The fire tower atop Mount Beacon kicked off its 10th decade by showing off a little.
On Saturday night (Sept. 4), the 90-year-old tower was illuminated for a half-hour, starting at 9 p.m. More than 25 other fire towers across the state joined in at the same time, from Sterling Forest near the New York-New Jersey border, to towers in the Adirondacks. The occasion was the Eighth Annual Lighting of the Fire Towers, an event sponsored by the New York chapter of the Forest Fire Lookout Association.
None of the fire towers in New York are still actively used in fire spotting, Laurie Rankin, the director of the New York chapter explained, but it’s important to keep them in working condition because they may be called back into action someday.

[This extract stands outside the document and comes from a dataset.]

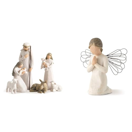 Willow Tree 26005 Ensemble de 6 Figurines Crèche Nativité & 26012 Figurine Ange de la Prière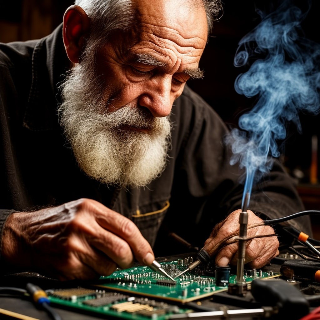 Прогорели тестолиты, Передохли все чипы, Но отважный электронщик Жжёт последние мосты. Он паяльник нагревает Флюс дымится и припой, Если плату не починит - То в глухой уйдёт запой.

“If we were to have drought conditions for three or four weeks in the Northeast, like they’re seeing out west, could the same thing happen here?” she asked, in reference to yet another summer of huge wildfires. “Absolutely.”
That may seem far-fetched when considering the wet and soggy summer we just had, but in the past 15 years there have been three wildfires that each burned at least 3,000 acres in the Shawangunk Mountains, and Rankin said the fire tower at Roosa Gap was used as a command center. Pennsylvania recently built 16 fire towers, figuring that they would be a cost-effective way to keep an eye out for blazes in heavily wooded areas with few people and poor cellphone service.
Rankin’s connection to the state’s fire towers is personal. Her father was the observer at the fire tower atop Balsam Lake Mountain in the Catskills from 1958 to 1972, when it was decommissioned. (Beacon’s tower was decommissioned that same year.)
“I grew up on top of a mountain, hanging out at a fire tower,” she said. As an adult, she became passionate about hiking and was delighted to learn that there were so many towers across the state she could hike to. That led her to the Forest Fire Lookout Association.
The method of illumination for each of the towers last weekend differed. For many of the remote towers in the Adirondacks, volunteers had to use only what they could carry during a hike that took several hours, which meant Coleman lanterns and collapsible work lights.
To light the Beacon tower, Rankin got in touch with the members of Hudson Valley 4 Wheelers, who have repaired the tower over the years, including with steel left over from the construction of the Walkway Over the Hudson in Poughkeepsie, to make the tower safe to climb. The crew brought up a 6,500-watt generator and six strips of LED lights.
“I don’t know if we’ll be able to see any of the other towers,” said Kevin Gennodie, who served as the point person for the crew. “But they’ll be able to see us from three states away.”
At 9 p.m., as Louis Armstrong’s “What A Wonderful World” played from one of the Jeeps, the generator was turned on and the fire tower blazed to life. Since the crew had last been there earlier in the summer for repairs, an unknown visitor had strung fake ivy in the cab at the top of the tower. Between the bright lights and the leafy green strands, it resembled an illicit basement greenhouse.
At 9:15, the lights of every tower were flashed several times, in the hope it would be easier for all of the illuminators to see each other from a distance. We didn’t spot any other blinking lights, but once the Beacon tower started flashing, a plane across the Hudson started heading toward us. “I hope they don’t think this is a runway,” said Gennodie.
We may not have been able to see any of the other towers, but we knew where Rankin was. She was serving as the illuminator atop the tower at Balsam Lake.
“When they see that light go on, I want them to think: ‘There was a man or a woman in that fire tower, in that lonely spot for years, looking over where I am right now and protecting the homes and the business and the forest,’ ” she told me before the event. “Because where you are would look significantly different if they had not done that.”